#### EXTRACTED INFORMATION ####
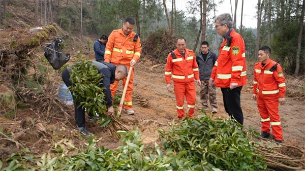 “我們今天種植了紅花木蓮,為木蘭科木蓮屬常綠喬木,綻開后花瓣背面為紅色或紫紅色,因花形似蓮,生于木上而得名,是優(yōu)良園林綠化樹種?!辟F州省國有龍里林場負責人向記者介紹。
####
#### EXTRACTED INFORMATION ####
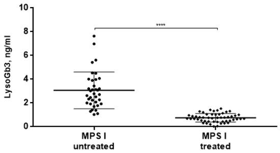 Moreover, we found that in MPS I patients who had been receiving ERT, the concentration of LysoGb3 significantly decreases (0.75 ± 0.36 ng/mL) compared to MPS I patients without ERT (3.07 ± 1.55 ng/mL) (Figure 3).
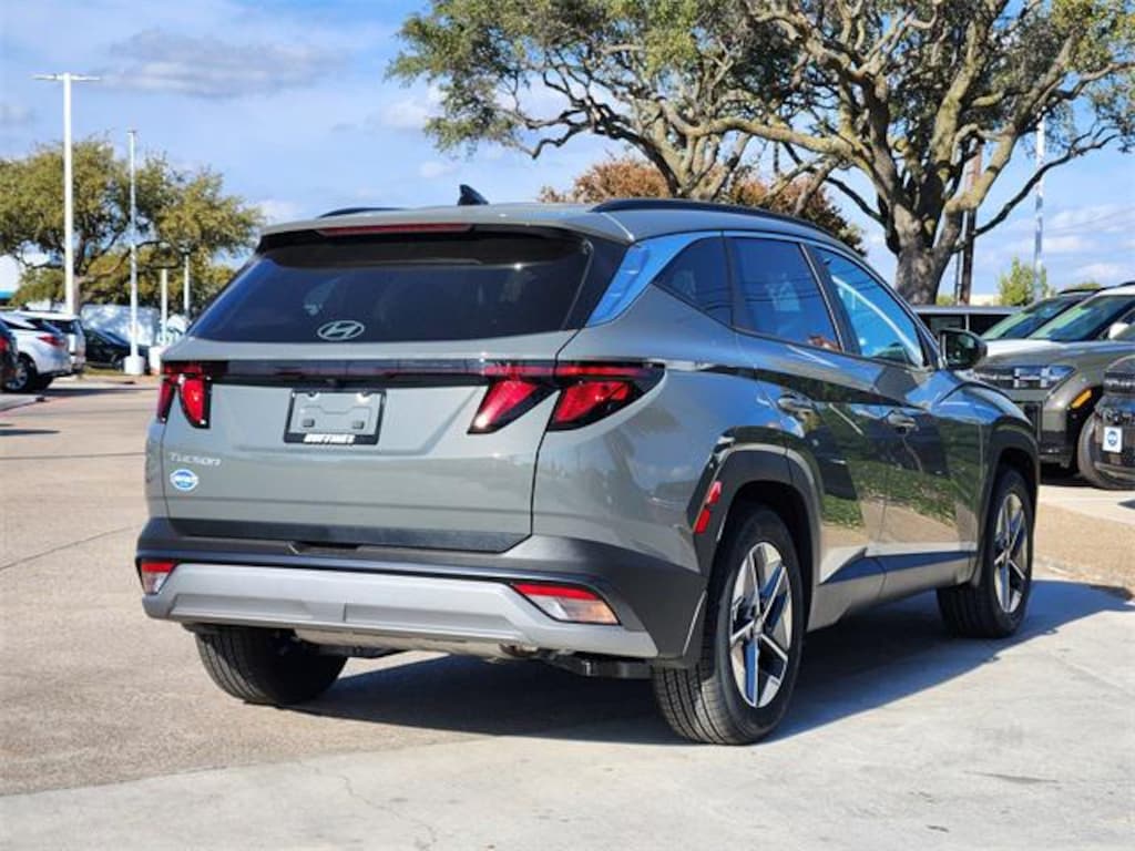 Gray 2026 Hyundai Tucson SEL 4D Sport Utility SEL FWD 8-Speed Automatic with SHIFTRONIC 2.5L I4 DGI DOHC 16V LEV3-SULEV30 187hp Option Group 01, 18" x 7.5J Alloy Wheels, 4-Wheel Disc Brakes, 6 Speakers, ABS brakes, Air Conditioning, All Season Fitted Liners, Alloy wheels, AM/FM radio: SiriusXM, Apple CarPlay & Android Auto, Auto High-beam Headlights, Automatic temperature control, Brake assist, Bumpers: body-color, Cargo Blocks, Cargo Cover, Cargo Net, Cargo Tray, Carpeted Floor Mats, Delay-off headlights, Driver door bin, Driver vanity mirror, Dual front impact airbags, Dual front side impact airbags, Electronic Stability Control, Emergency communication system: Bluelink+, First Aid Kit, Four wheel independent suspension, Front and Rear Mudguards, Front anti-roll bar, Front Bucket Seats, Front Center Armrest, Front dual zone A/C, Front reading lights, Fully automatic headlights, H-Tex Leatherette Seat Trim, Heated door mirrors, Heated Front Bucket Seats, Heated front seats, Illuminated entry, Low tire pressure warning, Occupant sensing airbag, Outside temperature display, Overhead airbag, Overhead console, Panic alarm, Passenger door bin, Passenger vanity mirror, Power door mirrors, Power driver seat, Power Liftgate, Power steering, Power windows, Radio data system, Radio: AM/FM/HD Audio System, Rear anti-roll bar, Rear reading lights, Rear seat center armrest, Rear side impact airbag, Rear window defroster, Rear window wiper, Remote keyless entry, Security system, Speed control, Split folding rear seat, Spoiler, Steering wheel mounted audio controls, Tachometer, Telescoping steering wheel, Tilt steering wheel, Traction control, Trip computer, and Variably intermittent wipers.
####
#### EXTRACTED INFORMATION ####
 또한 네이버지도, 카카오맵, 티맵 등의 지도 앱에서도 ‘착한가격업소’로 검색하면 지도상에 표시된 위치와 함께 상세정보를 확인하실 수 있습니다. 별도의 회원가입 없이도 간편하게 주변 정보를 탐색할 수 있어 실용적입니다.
####
▸ **ASSIGNMENT**:
Of all the material above, only the lines from the one that has "Moreover, we found" down to the one that has "Gray 2026 Hyundai" are to be written out, exactly and with both ends included. Pictures are skipped.

▸ **EXERCISE OUTPUT**:
 Moreover, we found that in MPS I patients who had been receiving ERT, the concentration of LysoGb3 significantly decreases (0.75 ± 0.36 ng/mL) compared to MPS I patients without ERT (3.07 ± 1.55 ng/mL) (Figure 3).
 Gray 2026 Hyundai Tucson SEL 4D Sport Utility SEL FWD 8-Speed Automatic with SHIFTRONIC 2.5L I4 DGI DOHC 16V LEV3-SULEV30 187hp Option Group 01, 18" x 7.5J Alloy Wheels, 4-Wheel Disc Brakes, 6 Speakers, ABS brakes, Air Conditioning, All Season Fitted Liners, Alloy wheels, AM/FM radio: SiriusXM, Apple CarPlay & Android Auto, Auto High-beam Headlights, Automatic temperature control, Brake assist, Bumpers: body-color, Cargo Blocks, Cargo Cover, Cargo Net, Cargo Tray, Carpeted Floor Mats, Delay-off headlights, Driver door bin, Driver vanity mirror, Dual front impact airbags, Dual front side impact airbags, Electronic Stability Control, Emergency communication system: Bluelink+, First Aid Kit, Four wheel independent suspension, Front and Rear Mudguards, Front anti-roll bar, Front Bucket Seats, Front Center Armrest, Front dual zone A/C, Front reading lights, Fully automatic headlights, H-Tex Leatherette Seat Trim, Heated door mirrors, Heated Front Bucket Seats, Heated front seats, Illuminated entry, Low tire pressure warning, Occupant sensing airbag, Outside temperature display, Overhead airbag, Overhead console, Panic alarm, Passenger door bin, Passenger vanity mirror, Power door mirrors, Power driver seat, Power Liftgate, Power steering, Power windows, Radio data system, Radio: AM/FM/HD Audio System, Rear anti-roll bar, Rear reading lights, Rear seat center armrest, Rear side impact airbag, Rear window defroster, Rear window wiper, Remote keyless entry, Security system, Speed control, Split folding rear seat, Spoiler, Steering wheel mounted audio controls, Tachometer, Telescoping steering wheel, Tilt steering wheel, Traction control, Trip computer, and Variably intermittent wipers.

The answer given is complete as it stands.